The Laue technique and its application

Max Von Laue (from Die Entdeckung der Kristalle, Fabian, Eginhard, 1 Auflage, Leipzig, Dt.  Verlag f. Grundstoffind., p. 126, 1986, photo courtesy of J. Lange).

On the 8th of June 1912, during a meeting of the Deutsche Physicalische Gesellschaft in Berlin, the German physicist Max Felix Theodor Von Laue reported on a discovery he had made together with Friedrich and Knipping, the observation of the diffraction of X-rays by crystals. This experiment proved the wave nature of X-rays and the space lattice hypothesis of crystals. The experimental setup consisted of an X-ray tube, diaphragms, the crystal, and the film plate.

Einstein later wrote to Von Laue, "Your experiment is one of the most beautiful experiences from the physical sciences" (Herneck. F., Max v.
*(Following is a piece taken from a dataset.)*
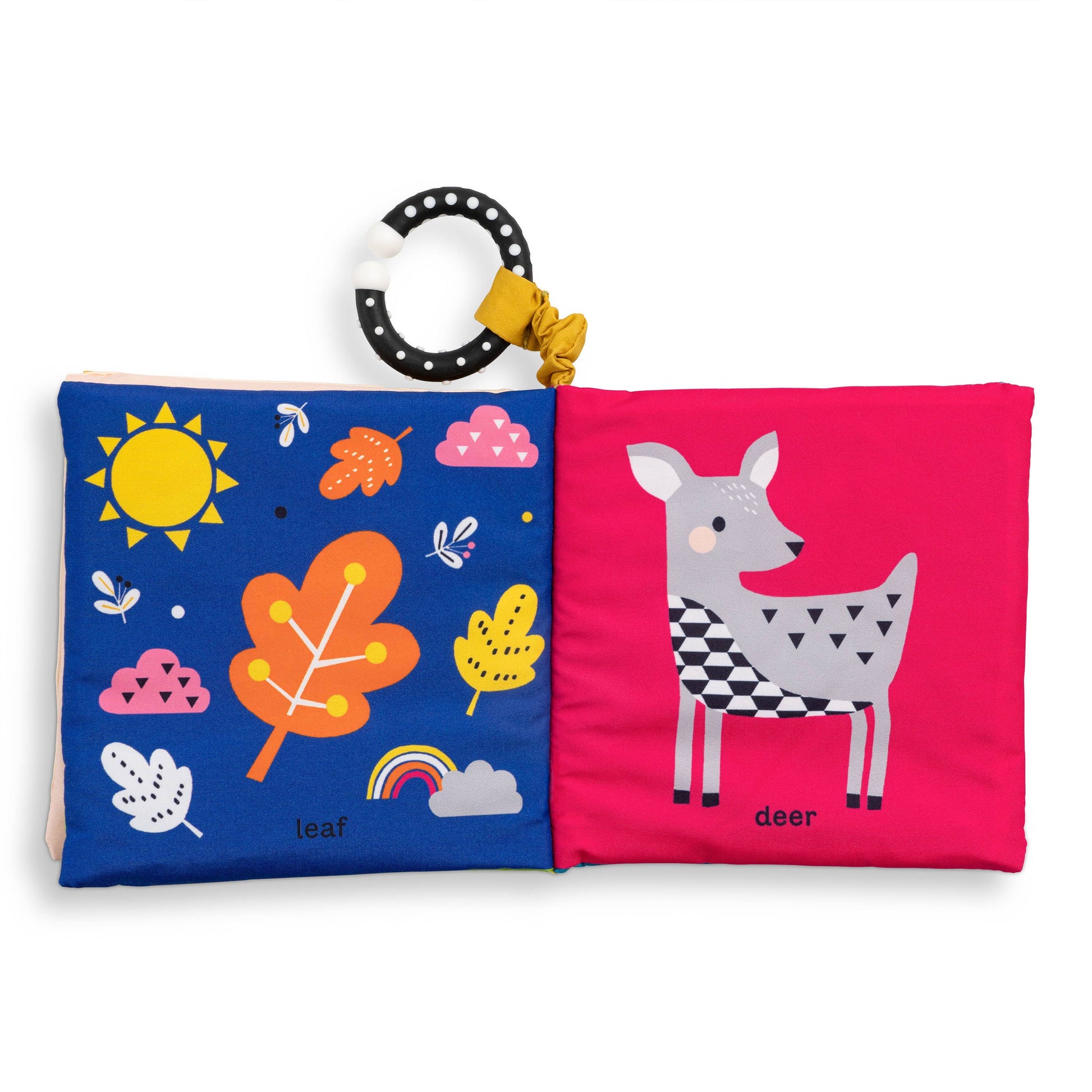 A colorful, crinkly cloth book and teether perfect for little ones! Introduce babies and toddlers to the forest in this soft book with enticing crinkly pages. Through bright, colorful illustrations, little ones will learn first words like acorn, fox, and leaf while developing their senses and fine motor skills. Perfect for repeat readings (and crinkling!), this cloth book packaged with a teether is the ideal gift for any young child and caregiver. Children's cloth book; 6 x 6 inches; 8 pages.

Laue, Biographien Hervorragender Naturwissenschaftler, Techniker und Mediziner, Vol. 42, Leipzig 1979, p.35).

The first diffraction pattern. (Photo courtesy of J. Lange.)

Since that time, the Laue technique has been used mainly for symmetry and orientation studies and the experimental setup has not changed much. Sometimes the X-ray tube is replaced by a synchrotron radiation source in order to permit shorter exposure times and the film is replaced by two-dimensional detectors with high sensitivity. Offsetting the advantage of simplicity, this method has two serious drawbacks:

• Each reflection is recorded with a different unknown wavelength, and
• all orders of a reflection are superimposed in the same spot on the film.

Van Laue's experimental set-up. (Photo courtesy of J. Lange.)

Recently attempts have been made to combine the Laue technique with modern diffractometer devices. The Laue diffractometer, described by the author at the Dresden European Crystallographic Meeting in the fall of 1994, was constructed on a proposal of Prof. Burzlaff. It is a four-circle diffractometer with two detector axes Q and n perpendicular to each other and two crystal axes w and d with an inclination angle of 30°; w and Q are concentric. The detector is a conventional proportional counter with multichannel analyzer. The X-ray source is an ordinary tungsten tube (2kW). The diffractometer is especially designed in order to measure integrated intensities by the Laue technique for X-ray structure analysis of single crystals.

By means of the crystal axes, the integrated intensity of each scattering vector can be recorded at different wavelengths. So it is possible to investigate effects which depend on wavelength, like anomalous dispersion, secondary and primary extinction, and absorption. Furthermore the orders of a reflection which are superimposed in the same spot can be separated by the energy dispersive detector system. In this way the relative proportion of the orders can be observed.

A medium sized inorganic structure has been used to demonstrate that surprisingly good crystallographic information can be obtained with the Laue technique, despite the use of a simple detector system and the low intensity of an ordinary X-ray tube. The accuracy of the measured integrated intensities of X-rays is comparable to that of data collected by conventional techniques in a comparable time.

The diffractometer was also used to get detailed information about the spectrum of the white bremsstrahlung and characteristic radiation of the tungsten X-ray tube. The results are in very good agreement with Kramers' theory. These results are important for the comparison of intensity data collected at different wavelengths.

At the moment the effect of extinction at different wavelengths is being investigated. It has been found that the extinction effect is considerably less by the Laue technique than with the monochromatic technique.